Task brief
What you return must match the listing exactly, with every image removed.

Raw data

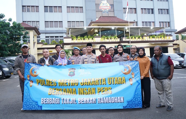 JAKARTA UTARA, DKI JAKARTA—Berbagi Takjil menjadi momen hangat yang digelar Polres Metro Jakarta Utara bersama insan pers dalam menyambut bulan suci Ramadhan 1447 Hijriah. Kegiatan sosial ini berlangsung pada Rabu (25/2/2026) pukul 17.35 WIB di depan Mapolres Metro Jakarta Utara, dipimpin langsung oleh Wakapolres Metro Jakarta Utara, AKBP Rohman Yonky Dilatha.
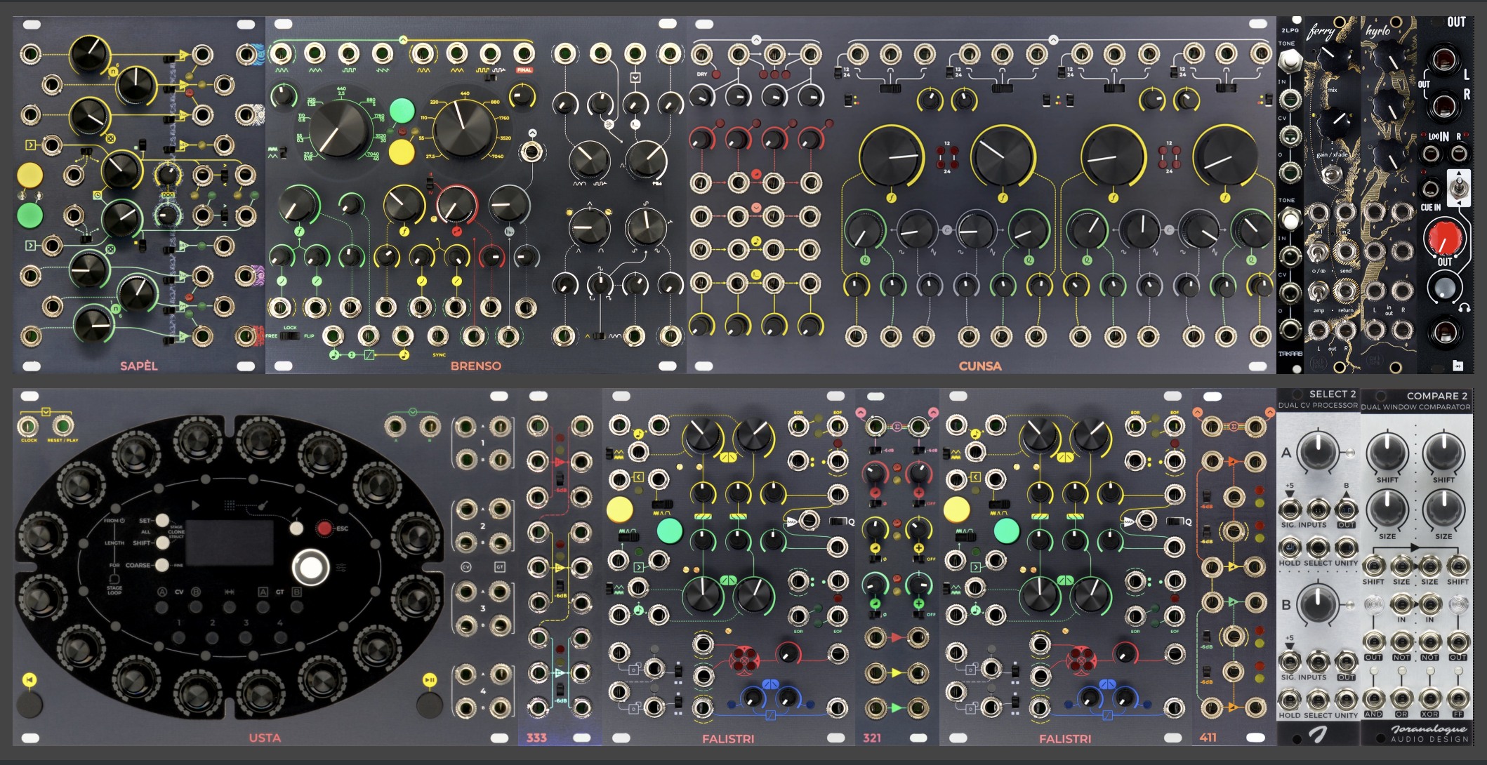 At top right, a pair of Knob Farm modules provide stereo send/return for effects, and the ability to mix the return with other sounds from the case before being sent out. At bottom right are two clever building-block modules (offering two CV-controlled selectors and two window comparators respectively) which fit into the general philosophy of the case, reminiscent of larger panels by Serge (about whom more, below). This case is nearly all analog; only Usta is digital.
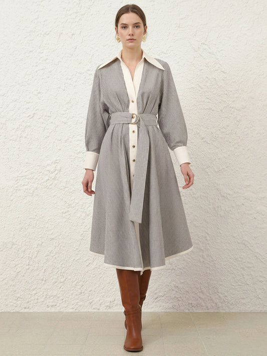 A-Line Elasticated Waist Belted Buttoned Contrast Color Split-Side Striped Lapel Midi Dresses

Final answer
 JAKARTA UTARA, DKI JAKARTA—Berbagi Takjil menjadi momen hangat yang digelar Polres Metro Jakarta Utara bersama insan pers dalam menyambut bulan suci Ramadhan 1447 Hijriah. Kegiatan sosial ini berlangsung pada Rabu (25/2/2026) pukul 17.35 WIB di depan Mapolres Metro Jakarta Utara, dipimpin langsung oleh Wakapolres Metro Jakarta Utara, AKBP Rohman Yonky Dilatha.
 At top right, a pair of Knob Farm modules provide stereo send/return for effects, and the ability to mix the return with other sounds from the case before being sent out. At bottom right are two clever building-block modules (offering two CV-controlled selectors and two window comparators respectively) which fit into the general philosophy of the case, reminiscent of larger panels by Serge (about whom more, below). This case is nearly all analog; only Usta is digital.
 A-Line Elasticated Waist Belted Buttoned Contrast Color Split-Side Striped Lapel Midi Dresses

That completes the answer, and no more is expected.